[HN Gopher] How we tracked down a Go 1.24 memory regression
___________________________________________________________________
How we tracked down a Go 1.24 memory regression
Author : gandem
Score : 99 points
Date : 2025-07-17 20:02 UTC (2 days ago)
(HTM) web link (www.datadoghq.com)
(TXT) w3m dump (www.datadoghq.com)
| nitinreddy88 wrote:
| I am more interested to learn about Swiss tables than bug fix :)
|
| What are the best places to learn modern implementations of
| traditional data structures. Many of these utilise SIMD for last
| mile usage of modern hardware
| skavi wrote:
| could read one of the implementations. there's the original
| abseil implementation and rust's in the hashbrown crate.
| probably many more.
| gandem wrote:
| OP here, I wrote another blog post that explains how Swiss
| Tables work, see https://news.ycombinator.com/item?id=44597562
| woadwarrior01 wrote:
| I'd recommend reading the Swiss table design notes[1] in the
| Abseil documentation. You might also like F14 maps[2] from
| Folly.
|
| [1]: https://abseil.io/about/design/swisstables
|
| [2]: https://engineering.fb.com/2019/04/25/developer-tools/f14/
| SkiFire13 wrote:
| In addition to this comment's siblings resources, I also
| suggest this really good Cppcon presentation on Swisstable
| https://www.youtube.com/watch?v=ncHmEUmJZf4
| neuroelectron wrote:
| Great write up.

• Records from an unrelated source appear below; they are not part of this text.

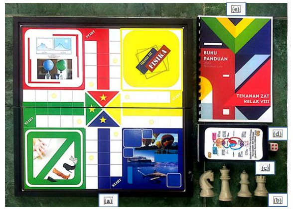
Figure 4. The Final Result of The Development of Ludo Game; (a) Board games, (b) Pawns, (c) Game Cards, (d) dice, and (e) Game Guides

The final results of the developed ludo game are presented in Figure 4 as follows:
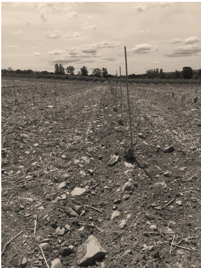
Cabernet Franc - July 2/2016
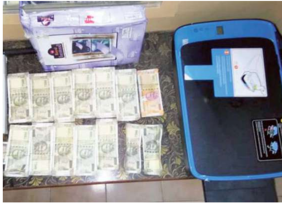
As good as real: The police found genuine currency notes being scanned and then printed on a paper similar to the one used in currency printing at the accused's house.

Notes were printed in Tiruppur, sent to Mumbai for circulation
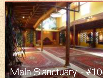
Main Sanctuary - #106
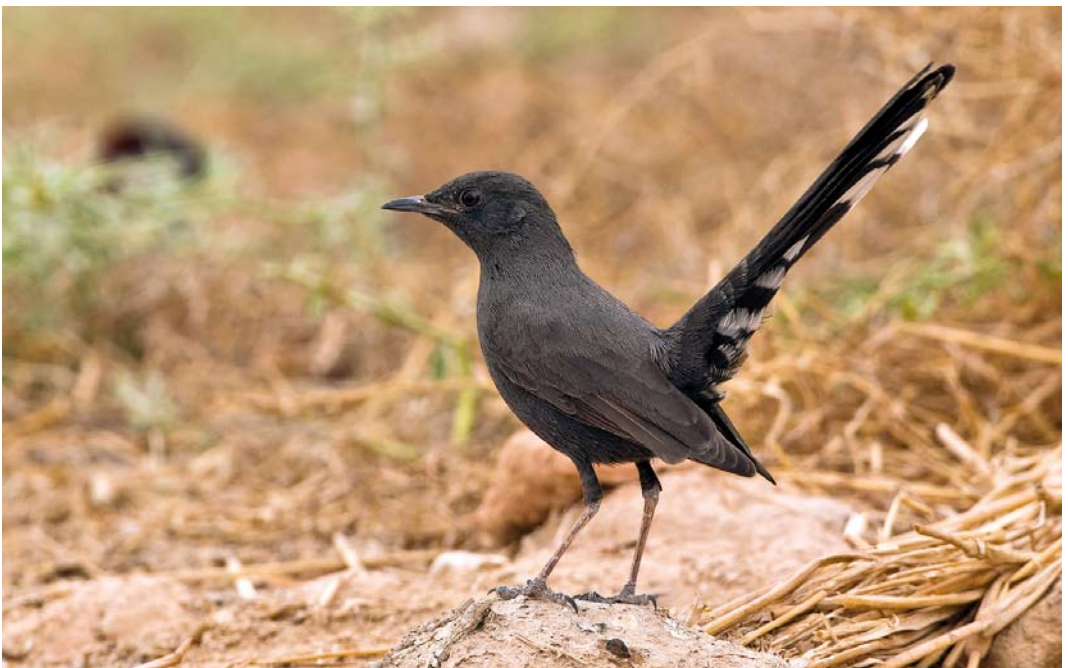
242 Black Scrub Robin / Zwarte Waaijerstaart Cercotrichas podobe , Yotvata, Israel, 8 April 2013 (David Monticelli)
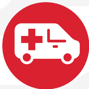
Mobile Asset Tracking
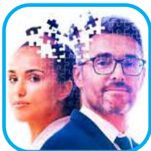
The Leader As Coach
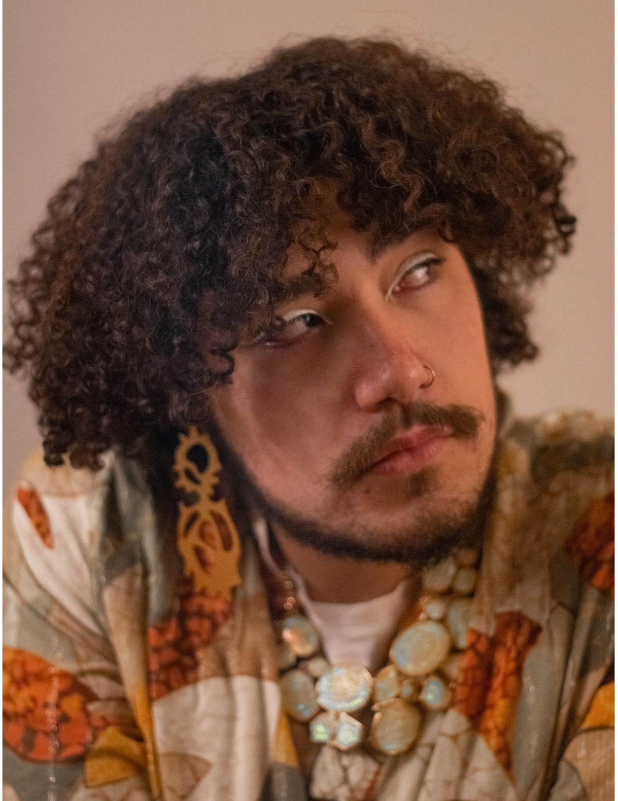
Figure 11: V, 1
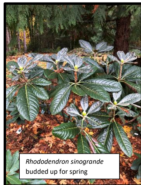
Rhododendron sinogrande budded up for spring
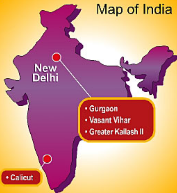
Map of India

The MMI-MES partnership will, no doubt, beget high-quality early childhood programs and top-class education services for both children and their parents.
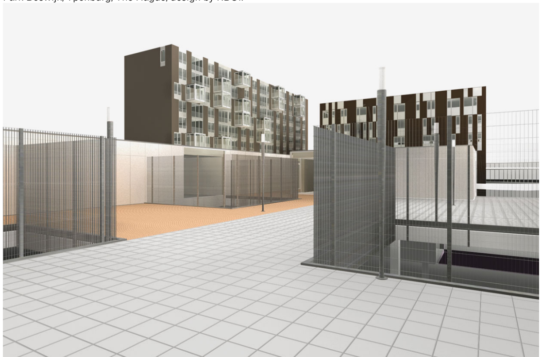
Diederien Dirrix van Wylick Architecten, Baekelandplein, Eindhoven (project
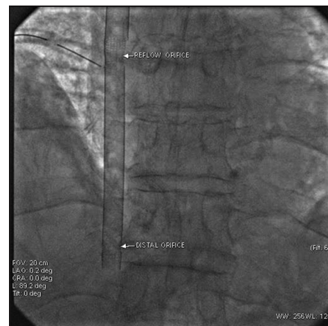
Figure 1: Fluoroscopy for Avalon positioning

VV ECMO is indicated in patients with severe respiratory failure that is refractory to optimal mechanical ventilation and medical therapy. ECMO may be used as a bridge to recovery, [4] lung transplantation, [5] or decision therapy in select patients with severe and often refractory respiratory failure. Following the results of CESAR trial [6] and the

It almost made me miss my old DevOps job.
| dh2022 wrote:
| I am somewhat surprised to see the bucket memory layout which is:
| [k1/v1],[k2,v2],[k3/v3] etc. where k1,k2,k3 are keys and v1,v2,v3
| are values. The CPU cache will not contain more than one [k,v]
| pair - because the CPU cache line is about 64 bytes and the size
| of [k,v] pair was about 56 bytes.
|
| So iterating through the bucket looking for a key will require
| each iteration to fetch the next [k,v] pair from RAM.
|
| Compare this with the following layout: k1,k2,k3,... followed by
| v1,v2,v3. Looking up the first key in the bucket will end up
| loading at least one more key in the CPU cache-line. And this
| should make iterations faster.
|
| The downside of this approach is if the lookup almost all the
| time results in the first key in the bucket. Then
| [k1,v1],[k2,v2],k3,v3] packing is better-because the value is
| also in the CPU cache line .
|
| I am wondering if people on this forum knowvmore about this
| trade-off. Thanks!!
___________________________________________________________________
(page generated 2025-07-19 23:00 UTC)